Learn how to build evaluation workflows with Latent's Prefect integration.

Core Concepts¶

Flows¶

Flows are the top-level containers for your evaluation logic. They automatically:

Load configuration from parameters.yaml and catalog.yaml
Set up flow-aware logging
Initialize MLflow experiment tracking
Handle data loading/saving through the catalog

Tasks¶

Tasks are the individual units of work within a flow.

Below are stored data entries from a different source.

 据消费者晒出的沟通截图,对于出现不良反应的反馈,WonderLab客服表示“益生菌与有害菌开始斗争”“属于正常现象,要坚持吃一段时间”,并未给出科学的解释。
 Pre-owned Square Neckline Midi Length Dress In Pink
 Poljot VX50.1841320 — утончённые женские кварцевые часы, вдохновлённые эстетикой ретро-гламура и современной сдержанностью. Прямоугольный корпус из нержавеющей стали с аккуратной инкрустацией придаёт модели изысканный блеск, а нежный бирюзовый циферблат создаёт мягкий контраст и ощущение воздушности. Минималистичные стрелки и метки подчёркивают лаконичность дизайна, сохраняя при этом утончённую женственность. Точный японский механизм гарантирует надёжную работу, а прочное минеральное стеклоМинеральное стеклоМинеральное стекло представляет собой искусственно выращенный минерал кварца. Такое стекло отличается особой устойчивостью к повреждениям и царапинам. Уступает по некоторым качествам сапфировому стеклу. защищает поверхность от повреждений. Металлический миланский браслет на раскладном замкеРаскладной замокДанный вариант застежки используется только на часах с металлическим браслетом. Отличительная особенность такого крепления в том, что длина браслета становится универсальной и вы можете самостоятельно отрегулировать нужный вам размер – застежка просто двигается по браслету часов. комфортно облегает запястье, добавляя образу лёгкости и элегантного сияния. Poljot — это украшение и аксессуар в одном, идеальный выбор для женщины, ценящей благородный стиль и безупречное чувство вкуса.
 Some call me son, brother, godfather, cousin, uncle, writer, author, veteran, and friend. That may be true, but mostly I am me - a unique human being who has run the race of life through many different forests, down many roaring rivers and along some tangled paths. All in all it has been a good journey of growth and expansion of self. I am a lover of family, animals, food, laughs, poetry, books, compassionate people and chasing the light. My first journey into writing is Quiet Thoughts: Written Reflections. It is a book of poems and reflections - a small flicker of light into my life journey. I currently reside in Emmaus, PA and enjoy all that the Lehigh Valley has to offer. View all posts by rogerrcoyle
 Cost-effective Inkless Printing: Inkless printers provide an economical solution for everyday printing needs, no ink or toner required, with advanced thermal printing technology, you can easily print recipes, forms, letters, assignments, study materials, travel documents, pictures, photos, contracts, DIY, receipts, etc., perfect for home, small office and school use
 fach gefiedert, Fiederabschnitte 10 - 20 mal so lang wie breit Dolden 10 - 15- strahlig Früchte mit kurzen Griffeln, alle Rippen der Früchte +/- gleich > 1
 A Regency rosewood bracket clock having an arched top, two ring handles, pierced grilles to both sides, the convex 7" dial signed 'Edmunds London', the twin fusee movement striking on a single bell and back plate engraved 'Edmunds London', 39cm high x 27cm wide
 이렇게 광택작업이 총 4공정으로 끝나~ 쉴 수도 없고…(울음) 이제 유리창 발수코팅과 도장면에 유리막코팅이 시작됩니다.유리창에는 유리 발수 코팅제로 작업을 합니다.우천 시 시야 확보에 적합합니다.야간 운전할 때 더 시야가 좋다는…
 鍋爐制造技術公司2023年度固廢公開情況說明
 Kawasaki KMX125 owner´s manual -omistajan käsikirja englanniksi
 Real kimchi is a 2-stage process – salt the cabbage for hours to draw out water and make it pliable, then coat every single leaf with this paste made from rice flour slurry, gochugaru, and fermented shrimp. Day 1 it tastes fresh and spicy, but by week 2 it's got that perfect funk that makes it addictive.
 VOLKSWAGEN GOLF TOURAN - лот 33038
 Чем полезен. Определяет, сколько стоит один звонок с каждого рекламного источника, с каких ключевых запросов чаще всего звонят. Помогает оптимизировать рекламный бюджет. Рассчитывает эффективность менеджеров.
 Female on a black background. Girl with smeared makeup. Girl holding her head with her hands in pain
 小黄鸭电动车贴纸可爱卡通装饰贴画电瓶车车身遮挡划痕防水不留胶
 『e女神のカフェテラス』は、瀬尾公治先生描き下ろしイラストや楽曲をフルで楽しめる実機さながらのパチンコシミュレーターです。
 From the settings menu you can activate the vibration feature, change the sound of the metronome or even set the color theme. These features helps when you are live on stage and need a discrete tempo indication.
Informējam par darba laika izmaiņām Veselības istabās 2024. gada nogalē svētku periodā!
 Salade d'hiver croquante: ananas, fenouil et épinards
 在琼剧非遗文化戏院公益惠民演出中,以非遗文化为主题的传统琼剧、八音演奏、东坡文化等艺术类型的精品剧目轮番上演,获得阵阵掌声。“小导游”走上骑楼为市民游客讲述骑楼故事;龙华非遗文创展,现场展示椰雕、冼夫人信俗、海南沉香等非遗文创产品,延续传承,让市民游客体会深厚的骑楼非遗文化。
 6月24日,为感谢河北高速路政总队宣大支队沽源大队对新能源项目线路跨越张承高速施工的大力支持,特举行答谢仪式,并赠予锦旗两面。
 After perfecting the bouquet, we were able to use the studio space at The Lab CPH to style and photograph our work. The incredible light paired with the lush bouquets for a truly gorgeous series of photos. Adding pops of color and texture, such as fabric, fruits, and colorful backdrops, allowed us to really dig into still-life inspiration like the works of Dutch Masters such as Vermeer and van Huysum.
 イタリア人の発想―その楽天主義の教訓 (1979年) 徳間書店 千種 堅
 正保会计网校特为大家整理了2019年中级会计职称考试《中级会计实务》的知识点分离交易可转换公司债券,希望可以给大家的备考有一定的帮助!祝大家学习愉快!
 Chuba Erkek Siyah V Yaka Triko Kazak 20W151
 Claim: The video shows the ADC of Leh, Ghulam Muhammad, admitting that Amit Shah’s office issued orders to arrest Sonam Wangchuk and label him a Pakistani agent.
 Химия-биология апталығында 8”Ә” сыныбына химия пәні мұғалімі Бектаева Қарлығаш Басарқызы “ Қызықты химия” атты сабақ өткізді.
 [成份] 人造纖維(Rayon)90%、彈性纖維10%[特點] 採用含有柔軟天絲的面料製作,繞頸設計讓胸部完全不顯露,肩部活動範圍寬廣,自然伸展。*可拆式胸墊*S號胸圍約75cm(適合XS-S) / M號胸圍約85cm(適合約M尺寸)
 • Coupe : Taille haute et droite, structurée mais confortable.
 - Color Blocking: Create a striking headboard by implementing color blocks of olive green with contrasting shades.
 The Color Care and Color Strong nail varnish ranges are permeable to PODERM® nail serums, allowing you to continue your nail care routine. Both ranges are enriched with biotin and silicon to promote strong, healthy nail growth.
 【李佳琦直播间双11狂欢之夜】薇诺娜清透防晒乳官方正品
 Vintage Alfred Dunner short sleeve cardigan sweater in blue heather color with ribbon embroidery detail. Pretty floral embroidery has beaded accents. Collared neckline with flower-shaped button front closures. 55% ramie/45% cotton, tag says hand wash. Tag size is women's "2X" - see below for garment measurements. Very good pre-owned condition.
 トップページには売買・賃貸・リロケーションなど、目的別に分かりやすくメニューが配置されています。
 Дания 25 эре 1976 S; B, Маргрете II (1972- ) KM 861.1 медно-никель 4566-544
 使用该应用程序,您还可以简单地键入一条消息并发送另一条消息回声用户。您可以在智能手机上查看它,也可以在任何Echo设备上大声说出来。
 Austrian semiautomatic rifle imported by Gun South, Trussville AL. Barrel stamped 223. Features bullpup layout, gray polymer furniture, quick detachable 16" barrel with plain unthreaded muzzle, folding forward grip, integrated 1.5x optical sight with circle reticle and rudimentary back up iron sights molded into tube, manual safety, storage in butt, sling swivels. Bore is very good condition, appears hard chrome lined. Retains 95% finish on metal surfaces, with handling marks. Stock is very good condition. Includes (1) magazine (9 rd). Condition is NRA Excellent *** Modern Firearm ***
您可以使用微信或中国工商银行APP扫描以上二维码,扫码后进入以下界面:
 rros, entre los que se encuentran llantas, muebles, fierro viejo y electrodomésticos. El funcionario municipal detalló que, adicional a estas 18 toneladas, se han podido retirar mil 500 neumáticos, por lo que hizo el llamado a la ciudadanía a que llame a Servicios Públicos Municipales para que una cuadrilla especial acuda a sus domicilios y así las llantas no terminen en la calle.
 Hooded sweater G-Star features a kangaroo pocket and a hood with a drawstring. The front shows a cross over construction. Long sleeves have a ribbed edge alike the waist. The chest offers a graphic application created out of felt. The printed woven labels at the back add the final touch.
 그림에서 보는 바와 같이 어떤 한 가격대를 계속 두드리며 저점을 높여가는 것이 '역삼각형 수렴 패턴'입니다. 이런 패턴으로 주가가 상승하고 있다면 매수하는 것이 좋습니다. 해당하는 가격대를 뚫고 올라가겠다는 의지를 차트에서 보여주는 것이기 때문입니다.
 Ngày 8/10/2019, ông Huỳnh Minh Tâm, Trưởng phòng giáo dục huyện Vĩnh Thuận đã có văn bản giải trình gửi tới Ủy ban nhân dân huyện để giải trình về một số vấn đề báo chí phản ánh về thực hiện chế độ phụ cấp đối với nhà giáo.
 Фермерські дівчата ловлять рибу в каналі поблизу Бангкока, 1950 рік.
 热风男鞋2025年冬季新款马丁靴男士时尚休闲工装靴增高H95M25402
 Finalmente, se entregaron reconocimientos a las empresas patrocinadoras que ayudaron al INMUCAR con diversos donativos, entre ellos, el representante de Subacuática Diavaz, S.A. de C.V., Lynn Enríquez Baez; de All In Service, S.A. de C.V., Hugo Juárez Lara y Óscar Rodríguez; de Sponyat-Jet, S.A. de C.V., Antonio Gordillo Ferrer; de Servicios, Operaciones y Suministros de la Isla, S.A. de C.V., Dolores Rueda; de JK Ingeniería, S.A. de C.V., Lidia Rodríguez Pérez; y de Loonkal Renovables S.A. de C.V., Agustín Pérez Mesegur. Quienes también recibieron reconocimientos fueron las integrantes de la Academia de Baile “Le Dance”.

They automatically:

Cache results using hybrid strategies (file-based or row-level)
Retry on failure (3 times by default)
Create MLflow spans for observability
Log automatic metrics (duration, row counts)
Wrap errors with rich context
Register in the task registry for visualization
Load/save data from/to the catalog

The @flow Decorator¶

from latent.prefect import flow
from pydantic import BaseModel

class FlowConfig(BaseModel):
    batch_size: int
    model_name: str

@flow(
    "flow_name",                    # Required: flow name (matches directory name)
    input=["dataset1", "dataset2"], # Optional: input datasets from catalog
    output=["result1", "result2"],  # Optional: output datasets to save
    config_schema=FlowConfig,       # Optional: Pydantic model for typed config
    **flow_kwargs                   # Optional: additional Prefect flow options
)
def my_flow():
    # Your flow logic
    pass

Basic Flow¶

@flow("simple_flow")
def simple_flow():
    """A simple flow with no explicit inputs/outputs."""
    logger.info("Flow started")
    # Your logic here
    return result

Flow with Inputs¶

@flow(
    "processing_flow",
    input=["raw_data", "config_data"]
)
def processing_flow(raw_data, config_data):
    """Flow that loads datasets automatically."""
    # raw_data and config_data are loaded from catalog
    processed = process(raw_data, config_data)
    return processed

Cross-Flow Data Loading¶

@flow(
    "downstream_flow",
    input=["upstream_flow.output_dataset"]
)
def downstream_flow(upstream_data):
    """Load outputs from another flow."""
    # Loads output_dataset from upstream_flow
    result = analyze(upstream_data)
    return result

The @task Decorator¶

from latent.prefect import task

@task(
    "task_name",                    # Required: task name
    input="input_dataset",          # Optional: input dataset name
    output="output_dataset",        # Optional: output dataset name
    cache=True,                     # Optional: enable caching (default: True)
    retry=True,                     # Optional: enable retries (default: True)
    span_type="CHAIN",              # Optional: MLflow span type (CHAIN, AGENT, TOOL, etc.)
    cache_expiration=timedelta(days=7),  # Optional: cache duration
    **task_kwargs                   # Optional: additional Prefect task options
)
def my_task(input_data):
    # Your task logic
    return output_data

Basic Task¶

@task("process_data")
def process_data(data):
    """Simple task with no caching."""
    return data.dropna()

Task with Catalog I/O¶

@task(
    "clean_data",
    input="raw_data",      # Loaded from catalog
    output="cleaned_data"  # Saved to catalog
)
def clean_data(raw_data: pd.DataFrame) -> pd.DataFrame:
    """Task with automatic data loading/saving."""
    cleaned = raw_data.dropna()
    cleaned = cleaned[cleaned['value'] > 0]
    return cleaned

Task with Custom Caching¶

from datetime import timedelta

@task(
    "expensive_computation",
    input="data",
    output="results",
    cache_expiration=timedelta(days=30),  # Cache for 30 days
)
def expensive_computation(data):
    """Task with extended cache duration."""
    # Expensive processing...
    return results

Task without Caching¶

@task(
    "generate_timestamp",
    cache=False,  # Disable caching for non-deterministic tasks
    retry=False   # Disable retries
)
def generate_timestamp():
    """Task that always runs (no caching)."""
    return datetime.now().isoformat()

Typed Configuration¶

Use Pydantic models for type-safe configuration:

from pydantic import BaseModel, Field
from latent.prefect import flow, params

class MyFlowConfig(BaseModel):
    batch_size: int = Field(gt=0, description="Batch size for processing")
    model_name: str
    learning_rate: float = 0.001
    max_iterations: int = Field(default=1000, le=10000)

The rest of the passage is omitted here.